Bryan and Deron Demeritte and Joshua Rodriguez don’t exactly make up a stereotypical rural household.
It’s true that they hunt and fish and raise chickens, fruits and vegetables on their 10-acre farmstead in Waseca, surrounded by fertile rolling fields of soybean and corn.
But Bryan, a full-time farmer and a part-time Unitarian pastor and seminary professor, describes Deron and Joshua as his two husbands.
Think of it as Green Acres, nonmonogamy style. Or polyamory among the chickens.
Bryan, 52, is white, a former teacher who grew up Baptist in Missouri. Deron, 38, is Black and originally from the Bahamas. He works as an industrial and commercial HVAC foreman and has been legally married to Bryan for 11 years. Joshua (who plans to change his last name to Demeritte) is a 24-year-old restoration company project manager. He’s mostly Latino and grew up in Boston as the son of immigrant parents from the Dominican Republic and El Salvador.
Joshua has been in a committed relationship with Bryan for five years.
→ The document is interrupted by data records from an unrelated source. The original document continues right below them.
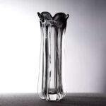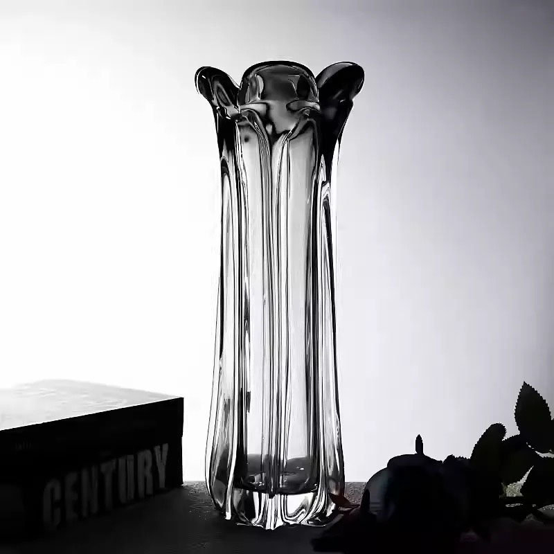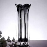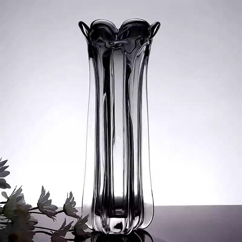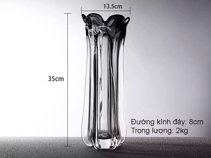 Phần miệng bình được tạo hình uốn lượn như cánh hoa nở, mềm mại nhưng đầy cá tính, giúp tổng thể trở nên cuốn hút ngay cả khi đặt độc lập không cần cắm hoa. Chất liệu thủy tinh cao cấp, trong suốt pha khói, được gia công dày dặn, bề mặt bóng mịn, phản chiếu ánh sáng đẹp mắt ở nhiều góc nhìn.
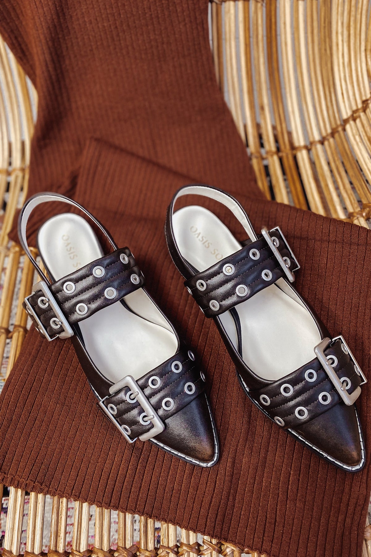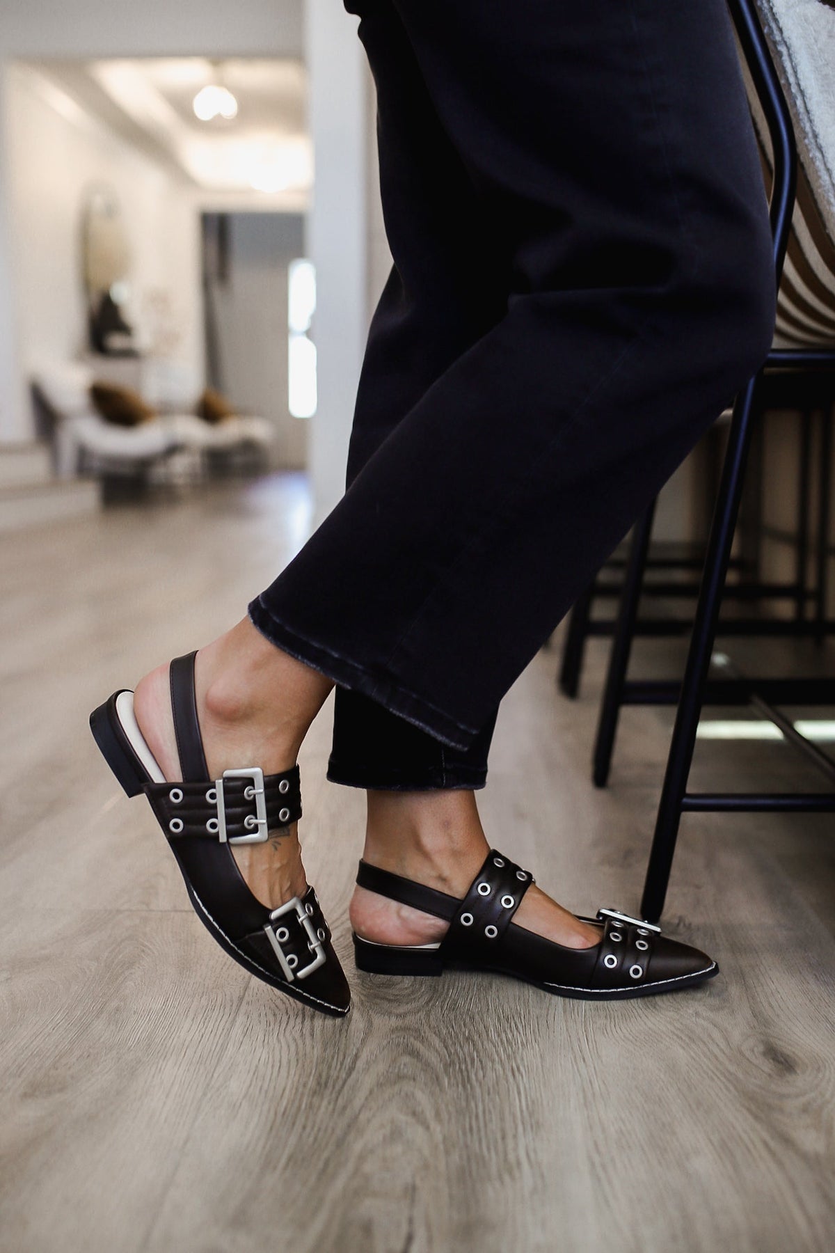 A modern twist on a classic, this double buckle ballet flat features a pointed toe for added edge. Crafted with atelier-picked materials, The Harlow effortlessly combines sleek design with standout style.
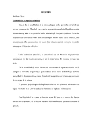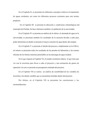 El documento habla sobre la importancia de implementar un sistema de tratamiento de aguas residuales en la Universidad de las Américas debido a que el sistema actual se encuentra inoperante. Explica que el proyecto consiste en 7 capítulos que cubren temas como la situación actual del agua, los procesos de tratamiento, un análisis de la oferta y demanda de agua en la universidad, el diseño propuesto y su análisis económico y de sensibilidad. El objetivo final es presentar las conclusiones y recomendaciones sobre la mejor op

He and Deron consider themselves as brother husbands.
In the language of the nonmonogamous community, they’re “nesting partners” in a polyamorous “V” relationship, with Bryan as the “hinge.” That means Bryan has a physical and romantic relationship with Deron and Joshua, but Deron and Joshua don’t have that sort of relationship with each other.
“I love Josh, but I’m not in love with Josh,” Deron said. ”We’re like brothers, almost.”